» Directions for this task: Please, from the entries below, transcribe exactly the lines that begin at the line with "Emniyet valfi, pilot" and end at the line with "Unlock the full", without the pictures.

» Data for analysis:
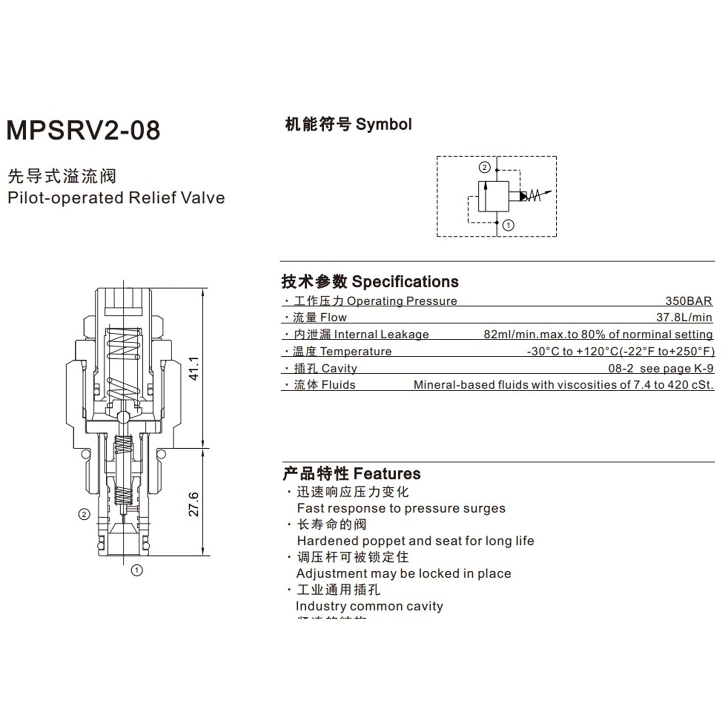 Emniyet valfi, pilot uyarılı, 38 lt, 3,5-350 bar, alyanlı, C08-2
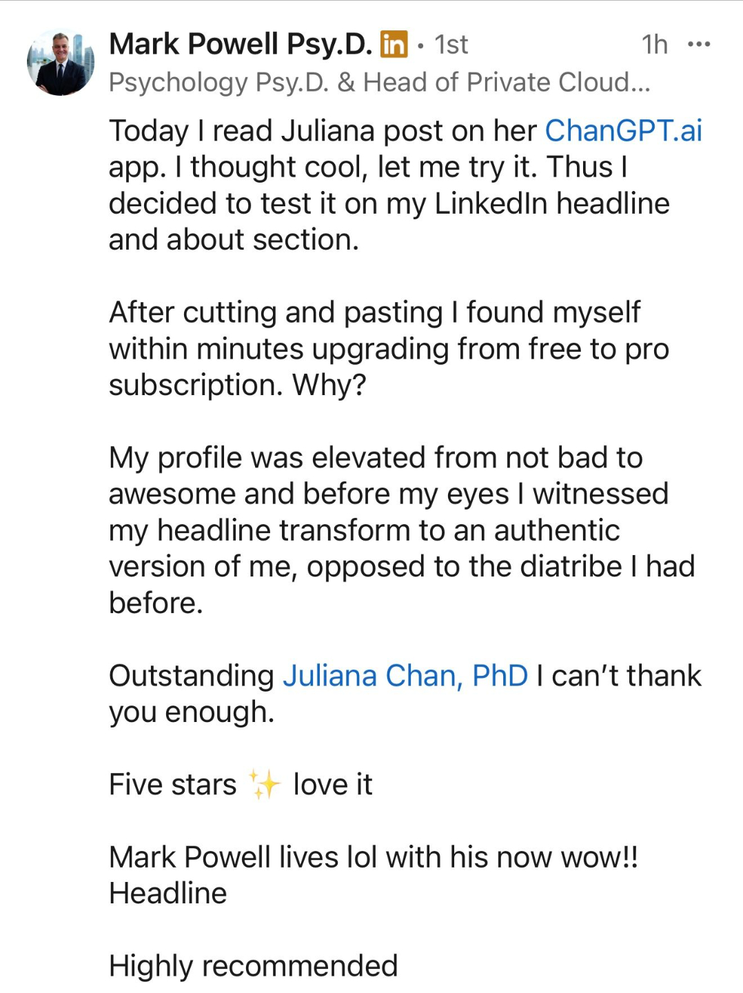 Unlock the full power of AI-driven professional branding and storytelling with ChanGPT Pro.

--

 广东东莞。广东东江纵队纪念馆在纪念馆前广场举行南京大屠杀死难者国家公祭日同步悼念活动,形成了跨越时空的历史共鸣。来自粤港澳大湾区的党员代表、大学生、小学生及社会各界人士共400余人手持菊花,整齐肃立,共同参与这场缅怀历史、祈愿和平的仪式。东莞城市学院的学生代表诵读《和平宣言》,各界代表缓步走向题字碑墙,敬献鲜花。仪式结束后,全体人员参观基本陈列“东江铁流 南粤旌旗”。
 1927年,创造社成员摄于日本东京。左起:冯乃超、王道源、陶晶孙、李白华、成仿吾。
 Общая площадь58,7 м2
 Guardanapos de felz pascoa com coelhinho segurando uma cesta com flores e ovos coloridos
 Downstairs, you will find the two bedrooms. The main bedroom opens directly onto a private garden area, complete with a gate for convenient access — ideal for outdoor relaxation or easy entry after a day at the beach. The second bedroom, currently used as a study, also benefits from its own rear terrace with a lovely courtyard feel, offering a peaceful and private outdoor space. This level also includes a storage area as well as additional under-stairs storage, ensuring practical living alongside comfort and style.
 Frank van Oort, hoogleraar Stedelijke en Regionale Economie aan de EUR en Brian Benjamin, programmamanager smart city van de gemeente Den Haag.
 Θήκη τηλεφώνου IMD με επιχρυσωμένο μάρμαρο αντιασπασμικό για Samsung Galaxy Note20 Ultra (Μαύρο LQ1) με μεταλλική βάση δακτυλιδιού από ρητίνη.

...

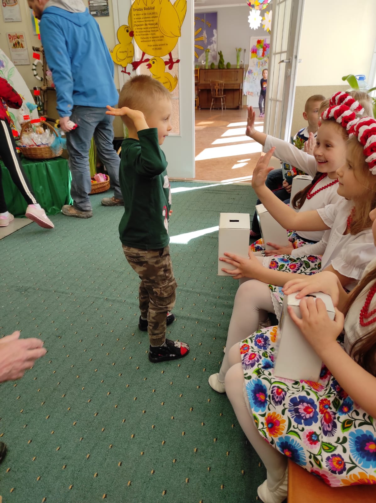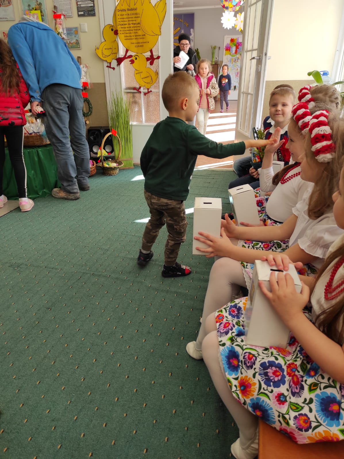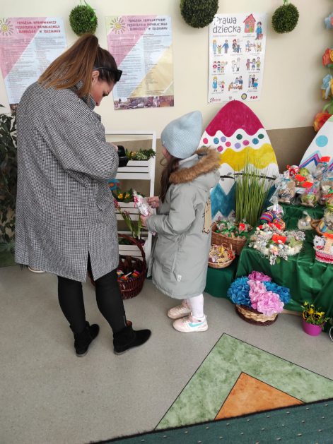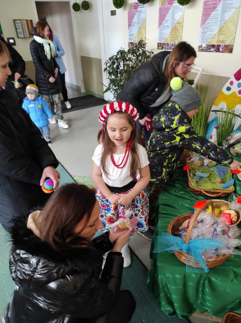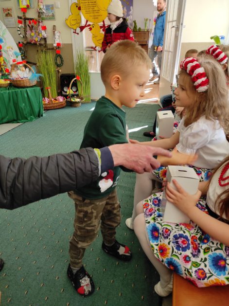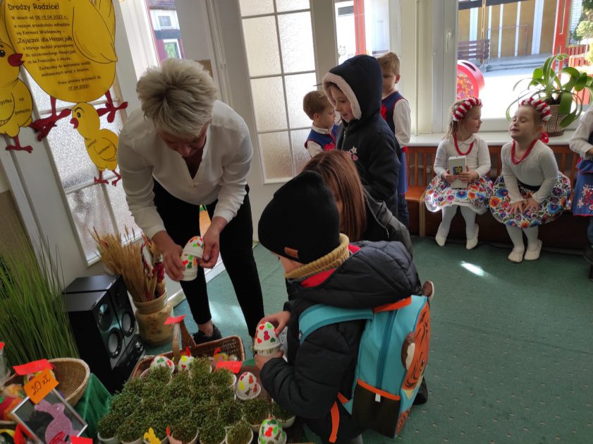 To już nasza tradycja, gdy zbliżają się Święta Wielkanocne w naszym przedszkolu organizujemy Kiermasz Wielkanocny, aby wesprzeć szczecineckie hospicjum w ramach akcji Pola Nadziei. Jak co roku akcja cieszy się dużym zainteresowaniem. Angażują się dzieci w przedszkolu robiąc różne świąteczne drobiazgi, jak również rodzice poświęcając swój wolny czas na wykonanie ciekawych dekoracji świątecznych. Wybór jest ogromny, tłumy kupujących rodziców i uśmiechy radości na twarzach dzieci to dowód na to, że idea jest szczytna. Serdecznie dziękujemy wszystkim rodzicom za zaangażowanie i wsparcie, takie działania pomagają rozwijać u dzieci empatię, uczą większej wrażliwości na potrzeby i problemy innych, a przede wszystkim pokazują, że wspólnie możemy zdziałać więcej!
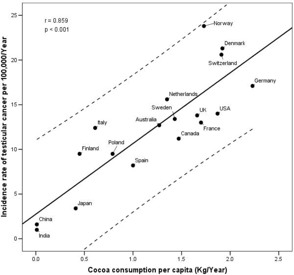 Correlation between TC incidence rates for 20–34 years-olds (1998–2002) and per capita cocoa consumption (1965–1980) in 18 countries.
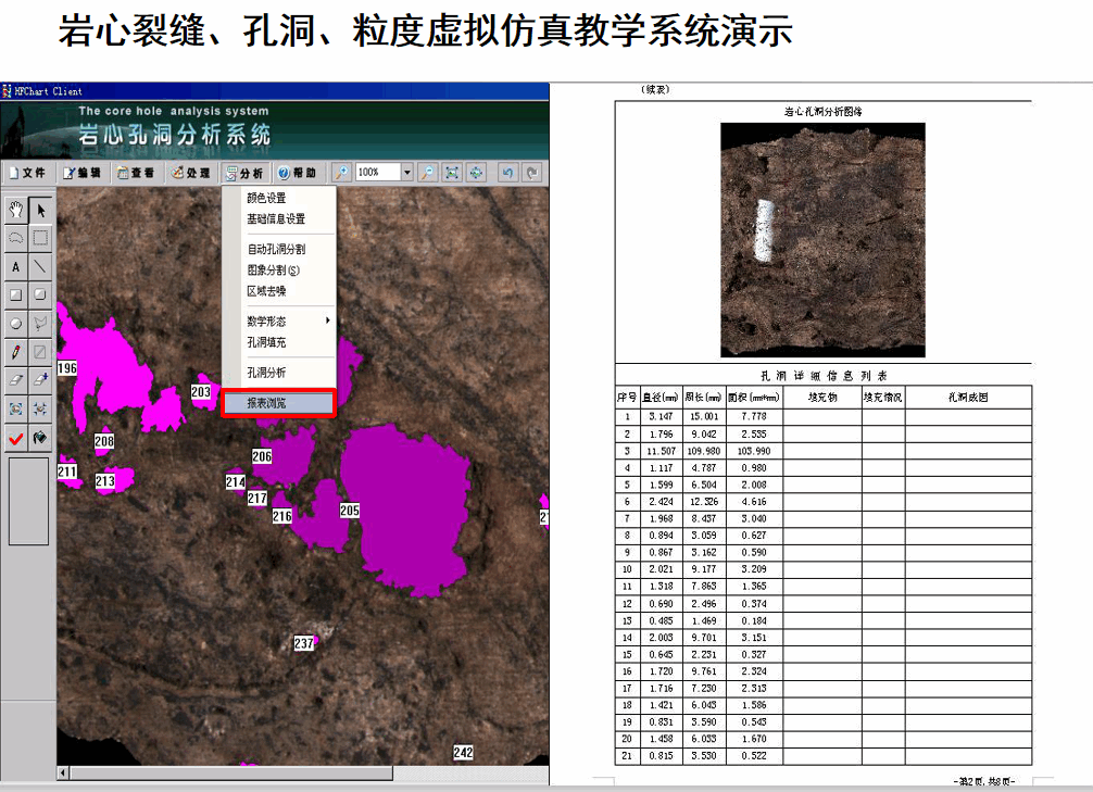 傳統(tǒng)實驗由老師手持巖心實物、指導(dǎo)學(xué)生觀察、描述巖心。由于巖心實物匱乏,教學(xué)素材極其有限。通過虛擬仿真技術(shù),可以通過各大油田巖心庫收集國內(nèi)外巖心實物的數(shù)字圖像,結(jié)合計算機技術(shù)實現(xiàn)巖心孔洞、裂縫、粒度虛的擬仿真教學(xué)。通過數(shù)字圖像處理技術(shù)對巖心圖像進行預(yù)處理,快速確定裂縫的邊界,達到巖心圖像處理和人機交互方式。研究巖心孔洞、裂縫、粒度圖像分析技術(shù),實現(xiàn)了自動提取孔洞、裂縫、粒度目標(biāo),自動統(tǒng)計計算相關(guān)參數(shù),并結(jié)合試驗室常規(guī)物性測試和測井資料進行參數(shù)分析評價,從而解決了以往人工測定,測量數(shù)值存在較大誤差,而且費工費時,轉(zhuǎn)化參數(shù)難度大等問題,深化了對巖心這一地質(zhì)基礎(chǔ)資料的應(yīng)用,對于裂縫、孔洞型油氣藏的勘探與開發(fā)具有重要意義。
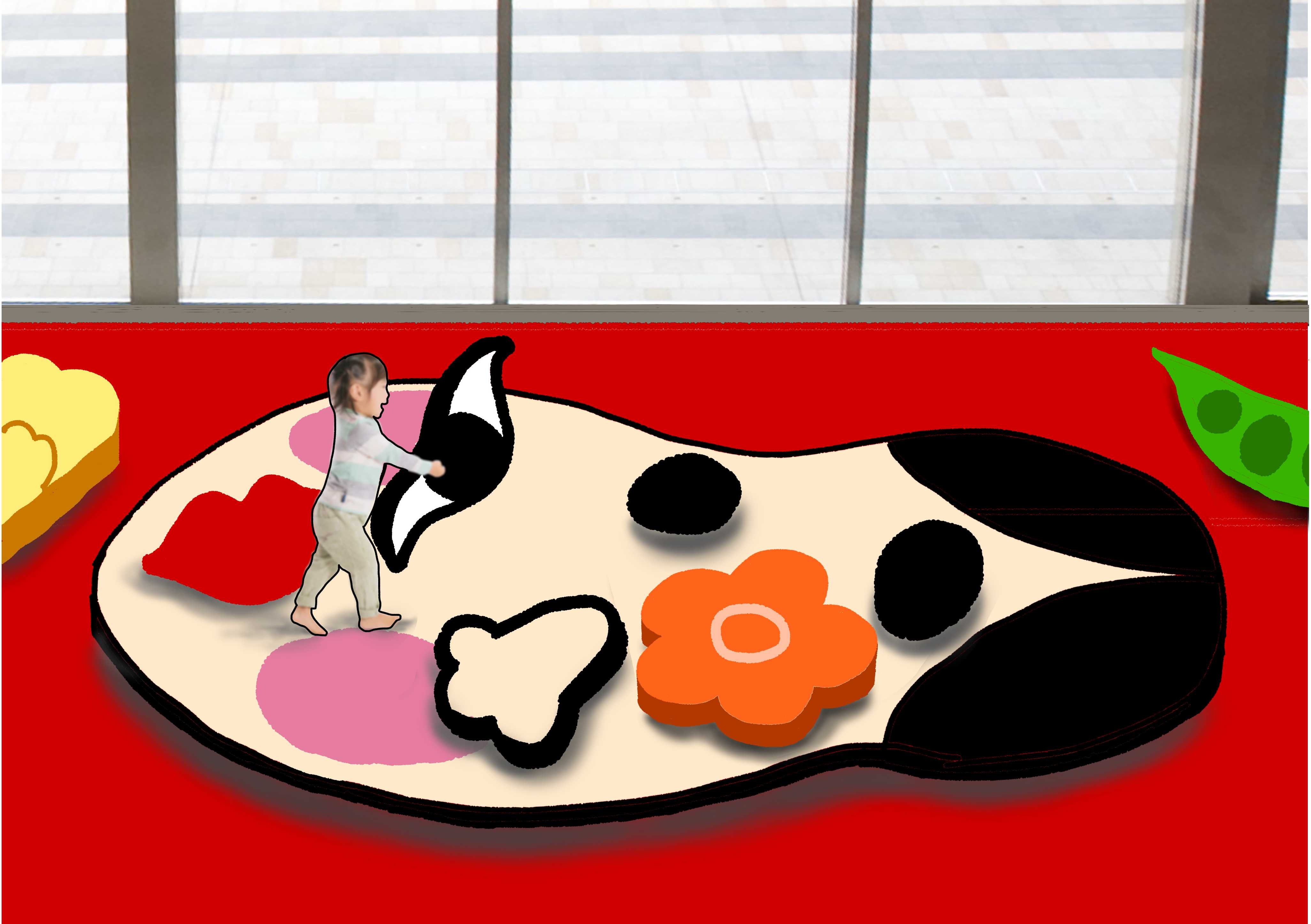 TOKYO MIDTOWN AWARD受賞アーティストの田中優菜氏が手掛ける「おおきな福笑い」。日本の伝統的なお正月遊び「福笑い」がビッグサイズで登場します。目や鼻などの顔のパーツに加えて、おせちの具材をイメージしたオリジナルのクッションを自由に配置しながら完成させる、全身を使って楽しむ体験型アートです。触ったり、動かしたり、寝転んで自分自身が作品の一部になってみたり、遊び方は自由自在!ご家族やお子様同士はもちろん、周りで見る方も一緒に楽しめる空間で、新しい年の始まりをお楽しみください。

» Result for this exercise:
 Emniyet valfi, pilot uyarılı, 38 lt, 3,5-350 bar, alyanlı, C08-2
 Unlock the full power of AI-driven professional branding and storytelling with ChanGPT Pro.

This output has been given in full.